TORONTO, Ont. — Michigan Governor Jennifer Granholm has signed into law a bill exempting Canadian cross-border trucking companies and auto parts manufacturers that do not have a permanent establishment in the state, from having to pay the Michigan Business Tax (MBT).
The bill was approved by both the Michigan Senate and the House of Representatives in a pre-Christmas marathon, make or break session.
According to the Ontario Trucking Association (OTA), which led the fight on behalf of Ontario truckers, the MBT (which is a gross receipts tax) could have cost Ontario trucking companies who operate into, out of or through the state, around US$1,000 per truck per year, had the bill not passed. The OTA estimates that Ontario trucking companies would have been on the hook for at least US$40 million per year. About three-quarters of Ontario-US trade (by value) moves by truck.

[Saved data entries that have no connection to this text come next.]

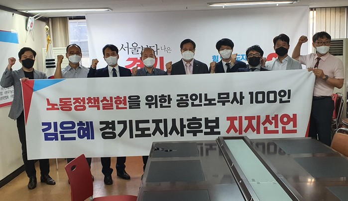 [부자동네타임즈 김인수기자] 지난 18일, 노동분야 전문가 단체인 ‘노동정책 실현을 위한 100인의 공인노무사 모임’을 대표한 9인이 국민의힘 경기도당사에서 국민의힘 경기도지사 김은혜 후보를 지지 선언했다.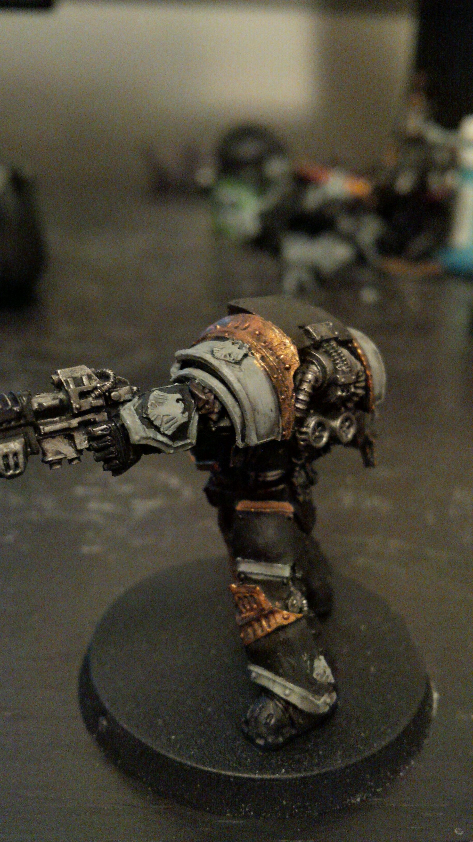 Wow so its been a while since I did any painting on my praetor ( I had to paint 6 centurions up for a game), but I finally got some motivation to continue. First of all I decided to not blend any highlights because the thought of that made me not want to paint at all , they're just standard line highlights. Secondly, I did something I usually never do and that's take photos without touching up any of my highlights, so the model looks pretty sloppy at the moment. Thirdly, the magnet I had on his back wasn't glued on well so thats why theres a grey circle.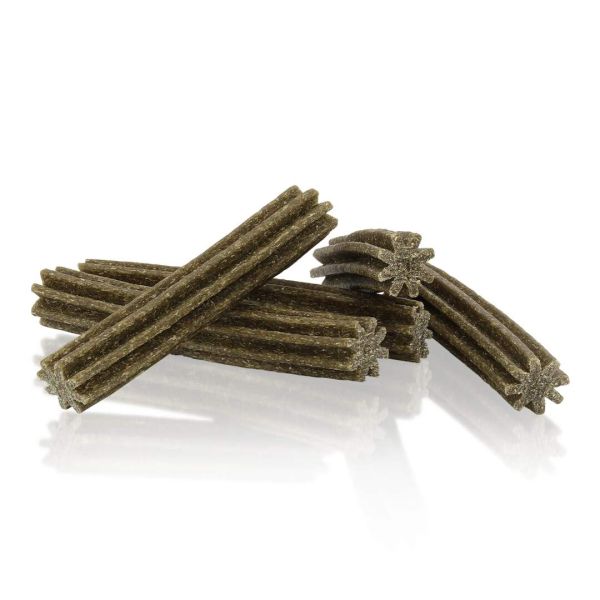 Gustări funcționale de mestecat, concepute pentru a susține sănătatea orală și a reduce formarea plăcii dentare. Combinația de mușețel și salvie ajută la igiena naturală a cavității bucale, în timp ce textura delicată sprijină curățarea dinților în timpul mestecării. Extrem de gustoase, potrivite și pentru câinii sensibili, fără coloranți artificiali sau zahăr adăugat.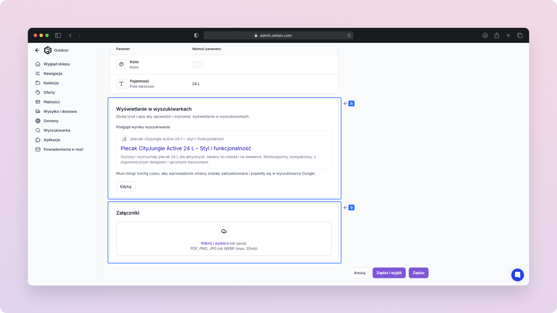 Załączniki - Zmieniaj lub dodawaj załączniki do produktu.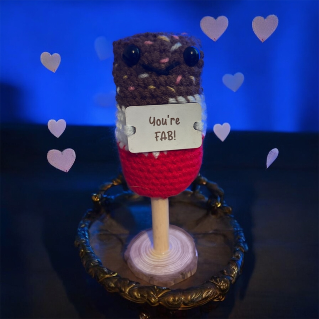 Crocheted Positive pal (Fab Ice Lolly) with the following pun on a wooden sign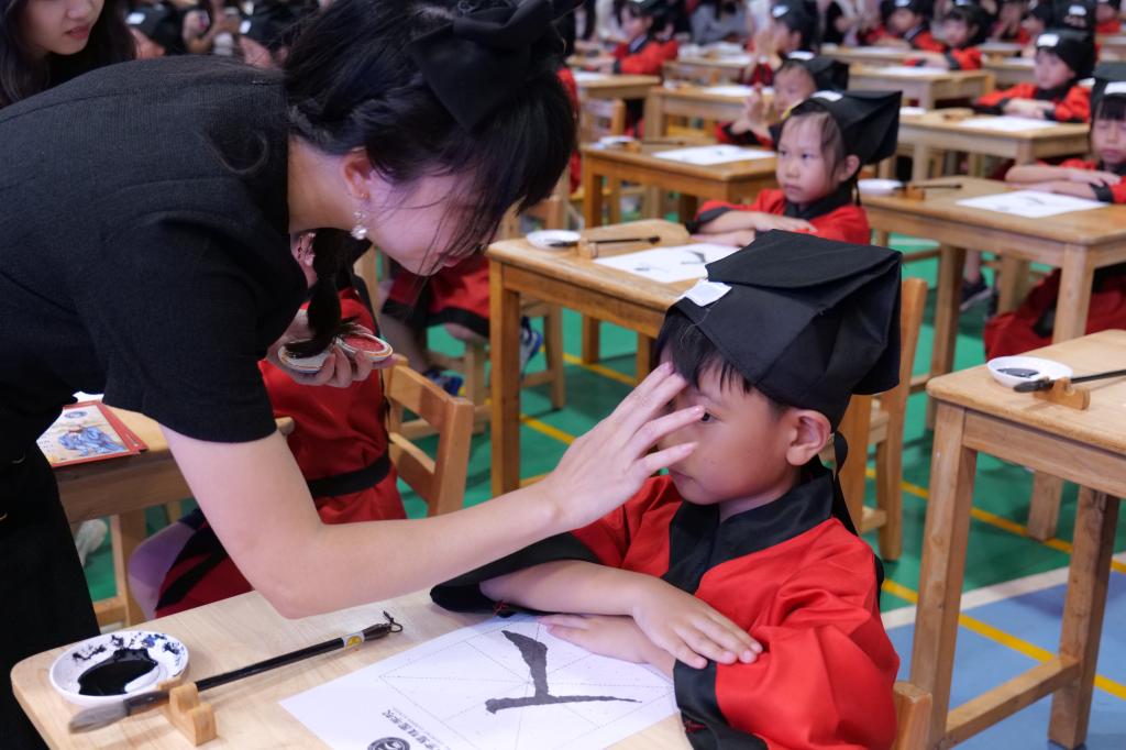 在古代,学童入学时,都会有启蒙老师用红色的朱砂在学子的额头正中点上一颗暗红色的朱砂痣,痣”通“智”,寓意开启智慧。老师们为一年级新生们在额头正中间点上红痣,希望同学们从此心明眼亮,发奋图强。

The essence of the argument put forward by the OTA was that the MBT is inconsistent with international tax norms, defies the spirit of the Canada-US tax treaty, and runs counter to the way Canadian provinces tax Michigan business.
“We wanted to preserve reciprocal treatment for carriers operating between Canada and the US,” said OTA president, David Bradley.
Ontario and Canada do not tax Michigan businesses that operate across the border, according to the OTA. Only companies that have a permanent establishment in a province are subject to corporate income taxation, and no Canadian jurisdiction has a gross receipts tax.
“We just wanted to be treated fairly,” added Bradley. “It makes little economic sense in these difficult times for the economies of both Michigan and Ontario – which are so dependent upon the automotive manufacturing industry – for the two jurisdictions to be working against, and not with each other.”
The OTA began its lobby campaign to amend the MBT legislation (which came into force on Jan. 1, 2008) in the fall of 2007. After passing relatively smoothly through the Senate in January 2008, the bill to exempt Canadian truckers ran into opposition the following month, when it went before the House of Representatives Tax Policy Committee.
The opposition came principally from one Michigan taxpayer: the company that owns the Ambassador Bridge and Central Transport. But, after months of wrangling, the bill finally made it back to the House tax committee on December 10th, where it was passed. On Dec. 19th, the bill was passed by both chambers of the Michigan legislature in an all-night session before the holiday break.
“This was no slam dunk,” says Bradley. “But in the end, the legislators were obviously convinced by the merits of our arguments and the inherent fairness that reciprocity brings.”